Tymczasem przyspieszony film nadal wyświetlał się w mojej głowie. Nieco później Lili zrozumiała, że jej kochany nie zdoła nakłonić nas do buntu, chyba że widownia oniemieje z wrażenia. Może już wtedy kombinowała, jak stworzyć gniazdko dla przychówku Brucea, i myślała o tych wszystkich rzeczach, w które i my uwierzyliśmy przez chwilę. Dlatego zabrała większego serwisanta, przypomniała sobie o rękawicy i chwilę potem postawiła na półce w galerii przedmiot, który nie wzbudziłby niczyich podejrzeń… chyba że kogoś, kto znał galerię na pamięć…

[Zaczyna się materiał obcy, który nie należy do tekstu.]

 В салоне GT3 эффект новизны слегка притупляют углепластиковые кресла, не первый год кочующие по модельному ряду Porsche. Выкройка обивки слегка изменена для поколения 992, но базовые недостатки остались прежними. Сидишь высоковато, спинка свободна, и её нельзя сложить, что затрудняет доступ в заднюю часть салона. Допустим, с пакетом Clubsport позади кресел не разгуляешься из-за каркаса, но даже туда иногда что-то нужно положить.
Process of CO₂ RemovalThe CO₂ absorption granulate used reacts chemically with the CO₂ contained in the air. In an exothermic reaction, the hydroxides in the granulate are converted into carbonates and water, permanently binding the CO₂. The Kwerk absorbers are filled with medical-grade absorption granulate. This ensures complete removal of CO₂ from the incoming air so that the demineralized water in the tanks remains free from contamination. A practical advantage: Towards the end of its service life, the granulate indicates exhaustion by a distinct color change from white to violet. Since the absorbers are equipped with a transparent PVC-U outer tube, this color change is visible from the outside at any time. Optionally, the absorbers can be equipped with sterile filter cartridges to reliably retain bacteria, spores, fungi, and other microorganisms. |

Przyglądałam się abstrakcyjnej bryle z szarych kulek wielkości piłeczki golfowej. Wiedziałam, że w środku serwisanta mają znajdować się niezwykle twarde olbrzymie cząsteczki, ale nie przypuszczałam, że okażą się takie wielkie.

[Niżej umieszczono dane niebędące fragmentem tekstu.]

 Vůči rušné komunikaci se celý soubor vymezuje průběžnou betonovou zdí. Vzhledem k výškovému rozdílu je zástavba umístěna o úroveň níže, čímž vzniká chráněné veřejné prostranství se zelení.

Greto, powiedziałam do siebie, będzie to dla ciebie traumatyczne przeżycie, lecz musisz to zrobić, bo nikt nie wysłucha cierpliwie twoich argumentów, tym bardziej że wszystkim pali się grunt pod nogami.
Podniosłam się cichutko, jakbym wstawała z łóżka, w którym nie powinno mnie być; w pewnych sprawach mistrzowie rozrywki są niezrównani. Akurat Kaby mówiła:
— Za pięćdziesiąt uderzeń serca zwariujesz.

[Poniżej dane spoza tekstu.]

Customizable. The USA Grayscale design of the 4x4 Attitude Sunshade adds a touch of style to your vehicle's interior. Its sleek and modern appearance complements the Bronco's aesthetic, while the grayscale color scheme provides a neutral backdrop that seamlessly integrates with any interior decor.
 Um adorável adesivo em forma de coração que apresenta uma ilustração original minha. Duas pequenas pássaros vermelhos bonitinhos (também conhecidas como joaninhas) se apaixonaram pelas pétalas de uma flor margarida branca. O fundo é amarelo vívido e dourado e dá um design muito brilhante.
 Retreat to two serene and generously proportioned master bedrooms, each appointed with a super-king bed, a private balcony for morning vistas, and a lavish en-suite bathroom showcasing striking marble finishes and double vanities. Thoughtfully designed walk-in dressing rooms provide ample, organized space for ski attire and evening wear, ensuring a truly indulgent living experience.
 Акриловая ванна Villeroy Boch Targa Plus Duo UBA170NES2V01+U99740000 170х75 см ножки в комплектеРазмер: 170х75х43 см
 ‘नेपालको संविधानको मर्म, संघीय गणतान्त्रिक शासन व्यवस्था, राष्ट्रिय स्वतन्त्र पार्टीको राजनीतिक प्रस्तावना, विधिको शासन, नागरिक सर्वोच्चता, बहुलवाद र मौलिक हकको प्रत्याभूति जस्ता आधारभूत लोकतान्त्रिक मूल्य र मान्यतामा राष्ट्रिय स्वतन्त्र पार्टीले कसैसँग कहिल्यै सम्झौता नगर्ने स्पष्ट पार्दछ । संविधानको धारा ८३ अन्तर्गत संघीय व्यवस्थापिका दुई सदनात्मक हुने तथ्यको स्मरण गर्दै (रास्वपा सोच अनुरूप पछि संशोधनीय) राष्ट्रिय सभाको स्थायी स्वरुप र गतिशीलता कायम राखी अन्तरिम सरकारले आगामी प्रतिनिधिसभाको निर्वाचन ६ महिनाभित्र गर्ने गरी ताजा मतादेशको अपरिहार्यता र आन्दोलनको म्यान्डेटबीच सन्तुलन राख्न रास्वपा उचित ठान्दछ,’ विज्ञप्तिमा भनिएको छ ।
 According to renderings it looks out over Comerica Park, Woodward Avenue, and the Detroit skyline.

Kto tylko stał, ten patrzył na Lili. Sid chyba się poruszył, ale chwilowo nic mnie nie obchodził, bylebym przez jego zachowanie nie znalazła się w centrum uwagi.
Zdjęłam buty i szybko podreptałam do sekcji szpitalnej. Jedną z zalet tej supertwardej podłogi jest to, że nigdy nie skrzypi. Zatrzymałam się przed ekranem, wyglądającym jak mętny obłok bezwonnego dymu papierosowego, i spróbowałam sobie przypomnieć swój chałturniczy kurs pielęgniarski. Chyżo, żeby nie wpaść w panikę, położyłam rzeźbę na lśniącej płycie inwertera.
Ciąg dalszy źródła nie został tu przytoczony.